• **Records to process**:

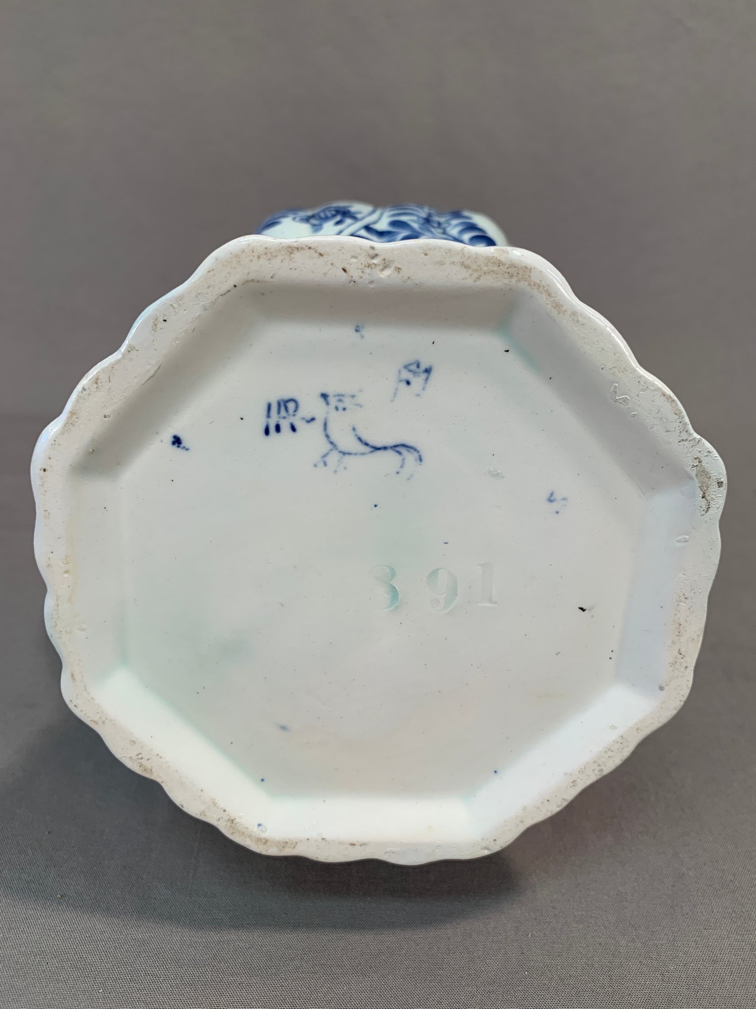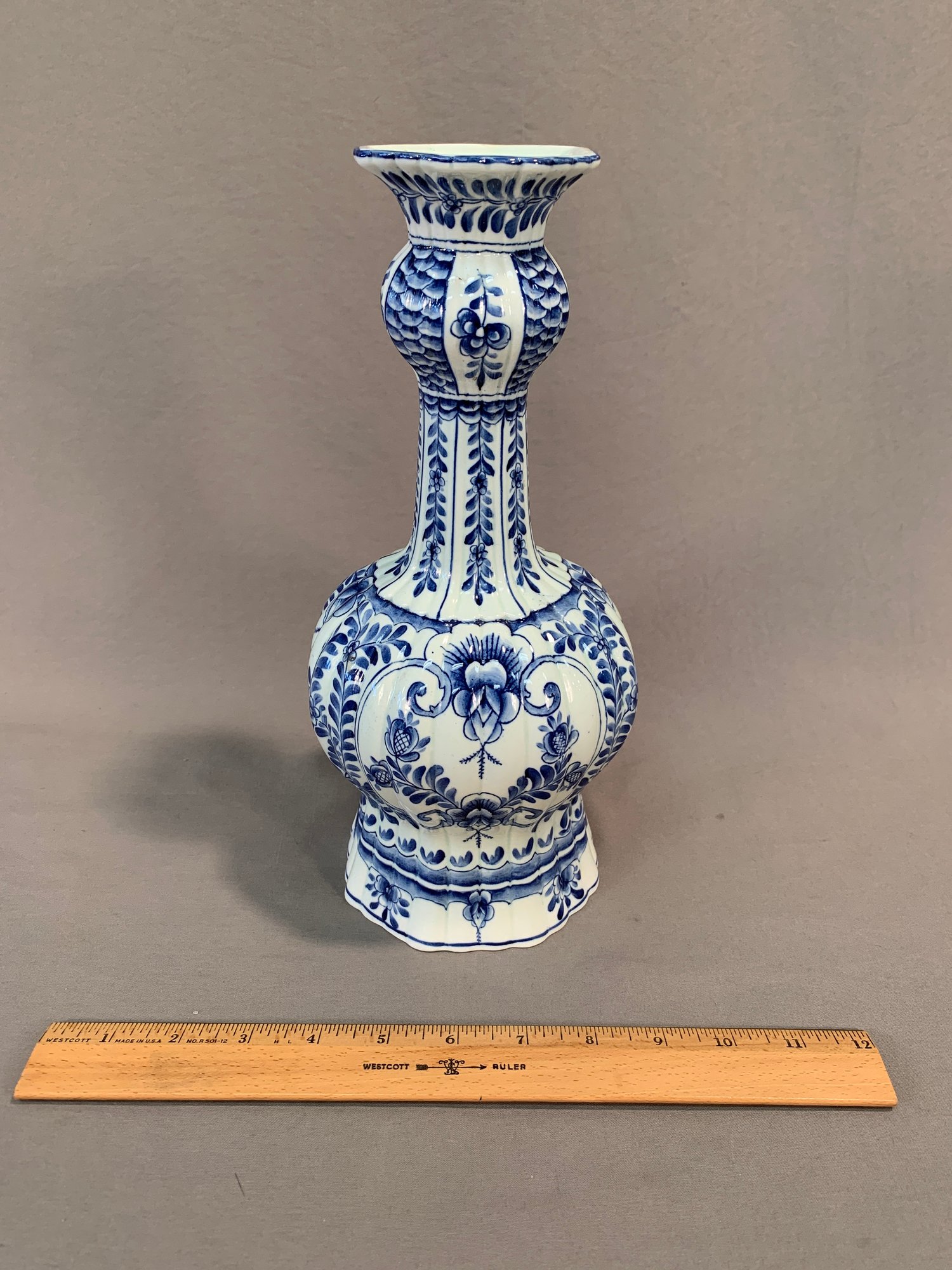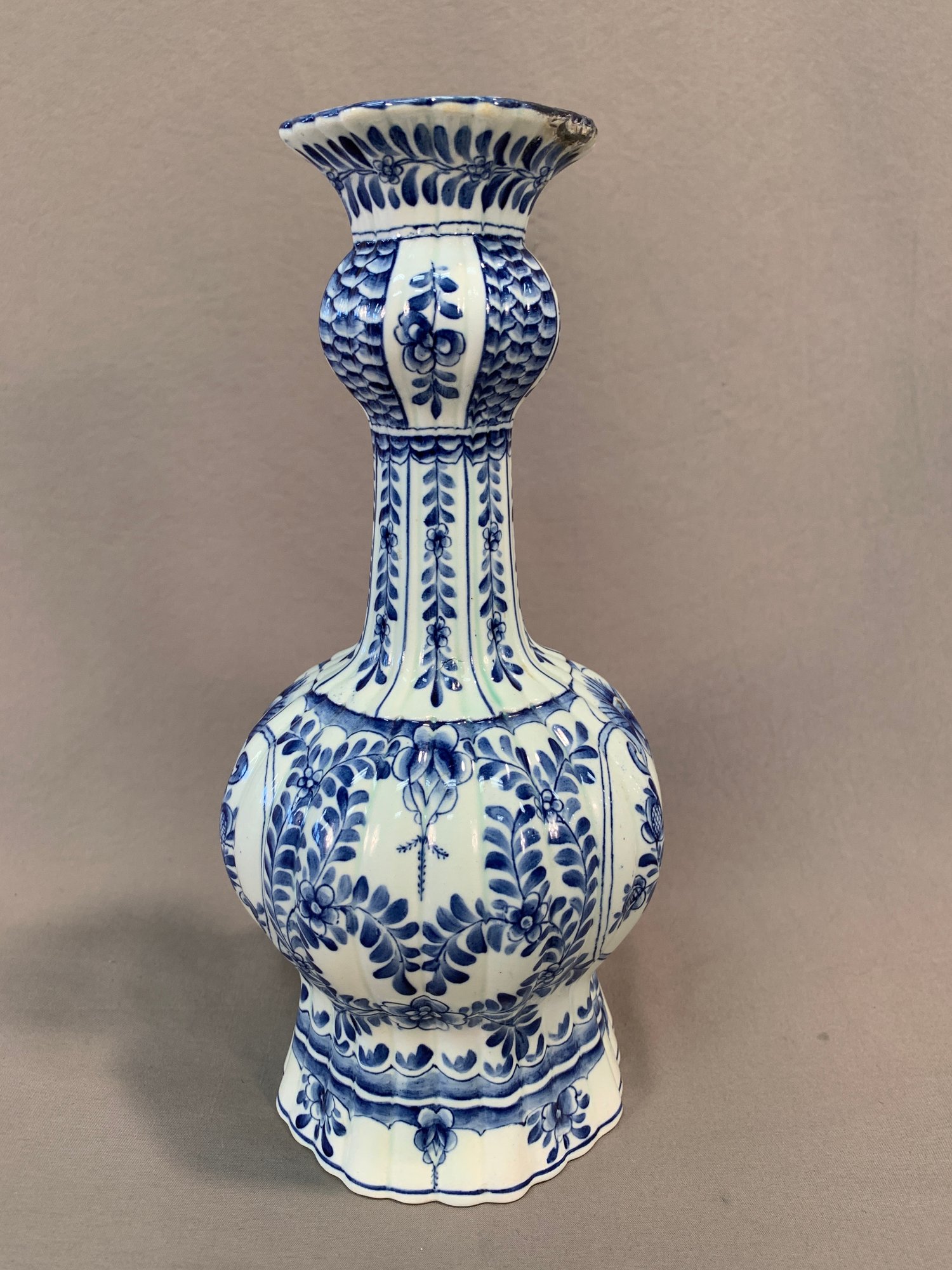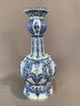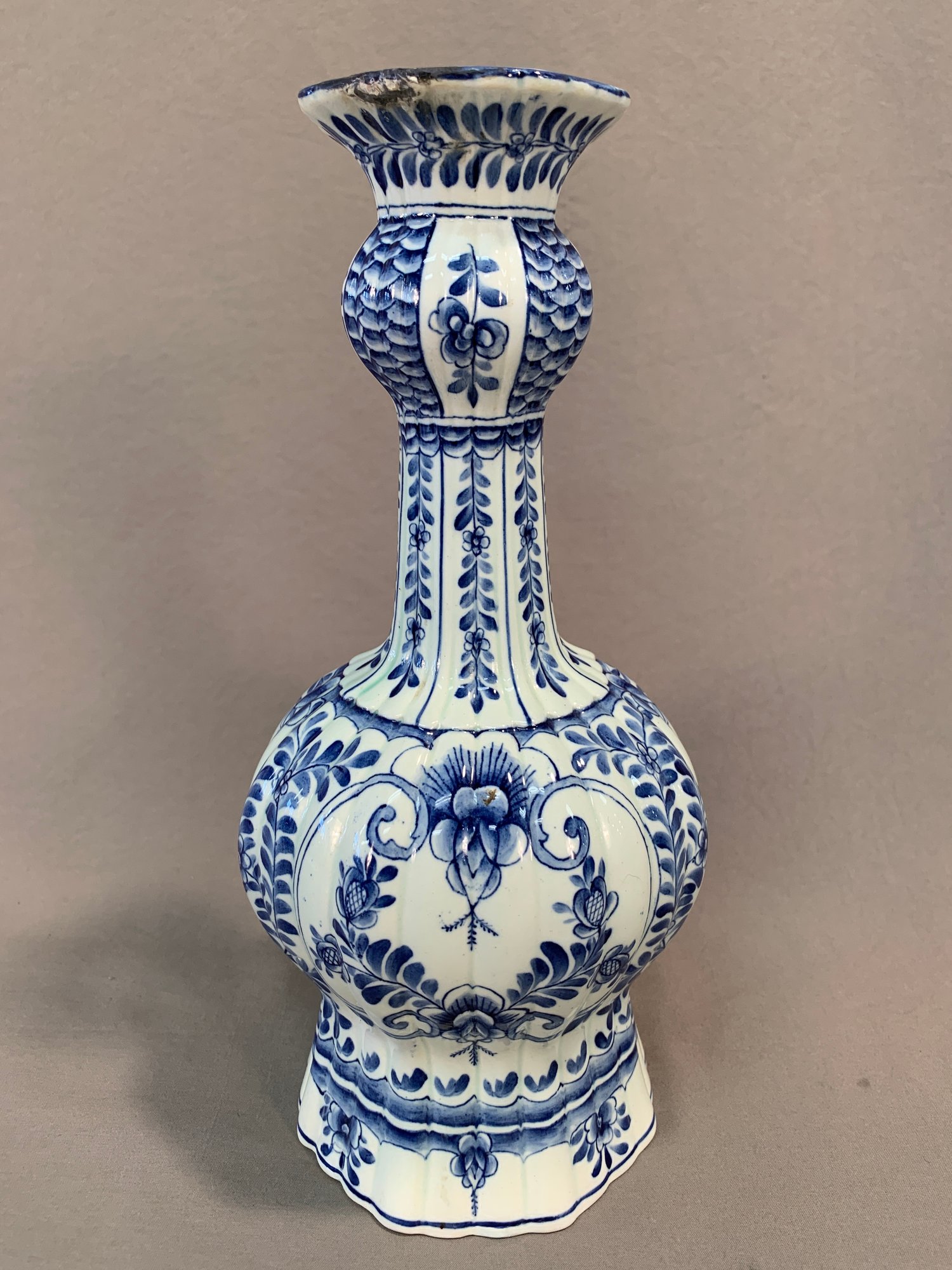 Antique 18th/19th century Dutch Delftware blue and white knob form vase with laurel leaf design, marked on bottom with initials HR, JB and bird mark, and number 891.
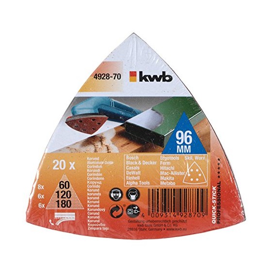 Set di 20 fogli abrasivi velcro per legno e metallo. I fogli sono dotati di fori per levigatrici con dispositivo di aspirazione.
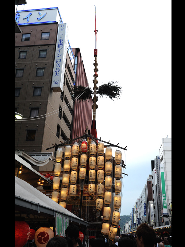 山車の上の鉾は6階建のビルに相当するぐらい長くて高いです。
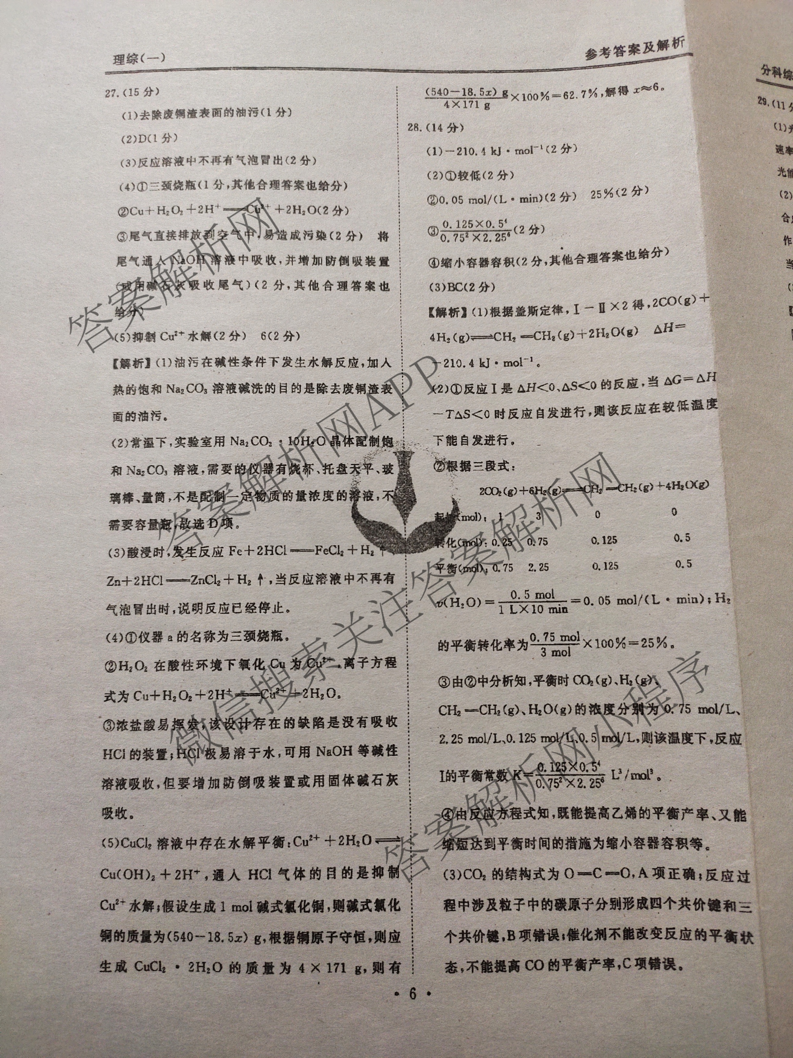 - 2022届[高三][衡水金卷先享题] 分科综合卷 全国乙卷A 化学(一)1答案
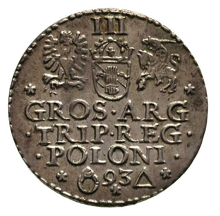 Zygmunt III Waza 1587-1632, trojak 1593, Malbork, bardzo ładny
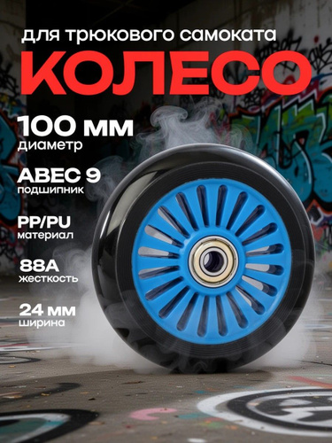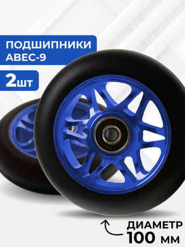 Колесо с подшипником ABEC-9 для трюкового самоката 100 мм, обод пластиковый высокопрочный, синий / 1 шт.
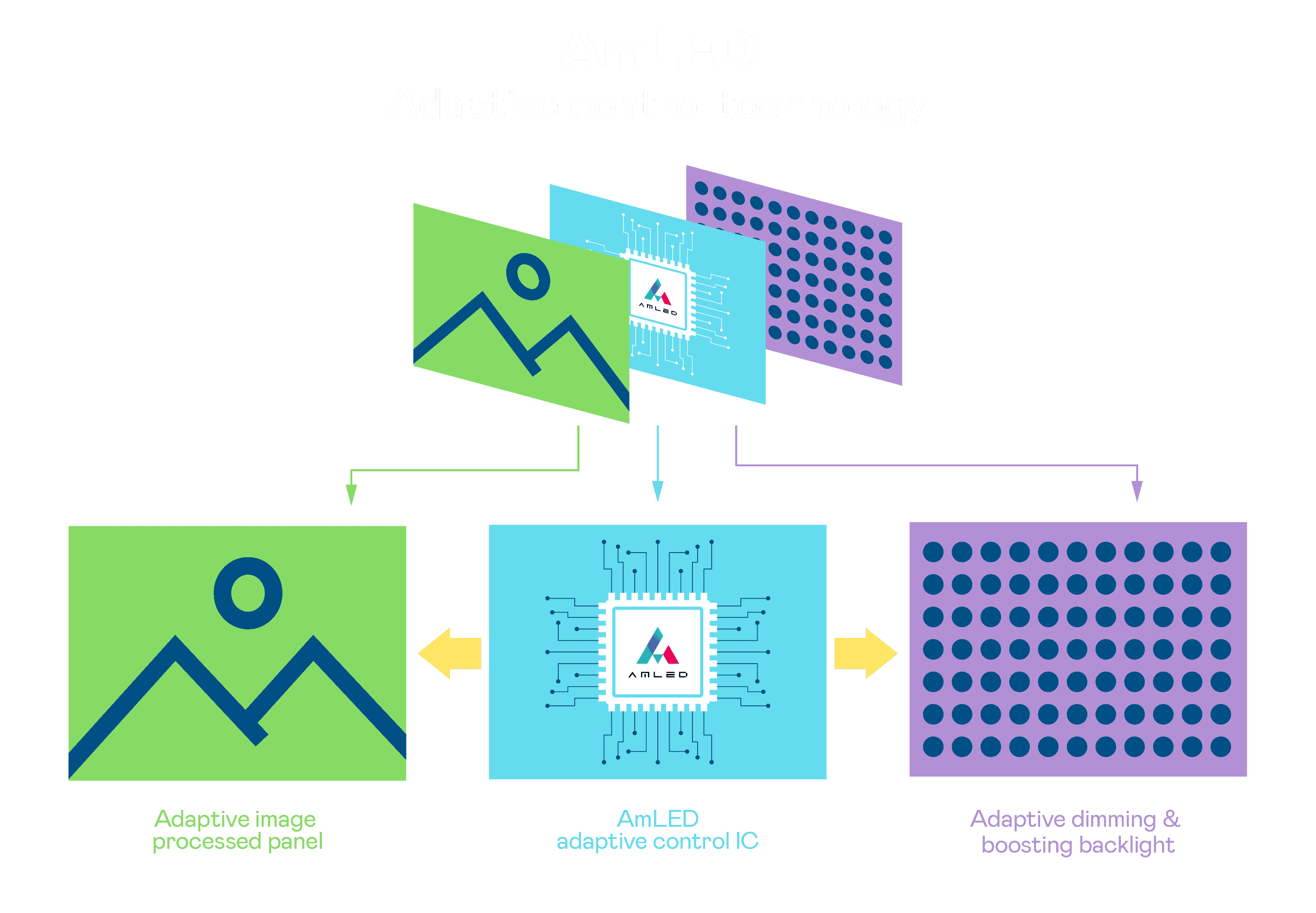 AmLED 具备更省电与低蓝光特性。。。与一般的 LED 背光显示技术相比,,,由于 AmLED 常时处于局部调光状态,,,,其功耗仅有前者的 50% 左右,,,,同时 AmLED 还具备低蓝光特性,,满足长时间使用的护眼需求。。。。

• **To do**:
Copy the lines of the records, beginning where the line containing "Колесо с подшипником" appears and continuing through the final line, exactly and with no pictures.

• **Problem solution**:
 Колесо с подшипником ABEC-9 для трюкового самоката 100 мм, обод пластиковый высокопрочный, синий / 1 шт.
 AmLED 具备更省电与低蓝光特性。。。与一般的 LED 背光显示技术相比,,,由于 AmLED 常时处于局部调光状态,,,,其功耗仅有前者的 50% 左右,,,,同时 AmLED 还具备低蓝光特性,,满足长时间使用的护眼需求。。。。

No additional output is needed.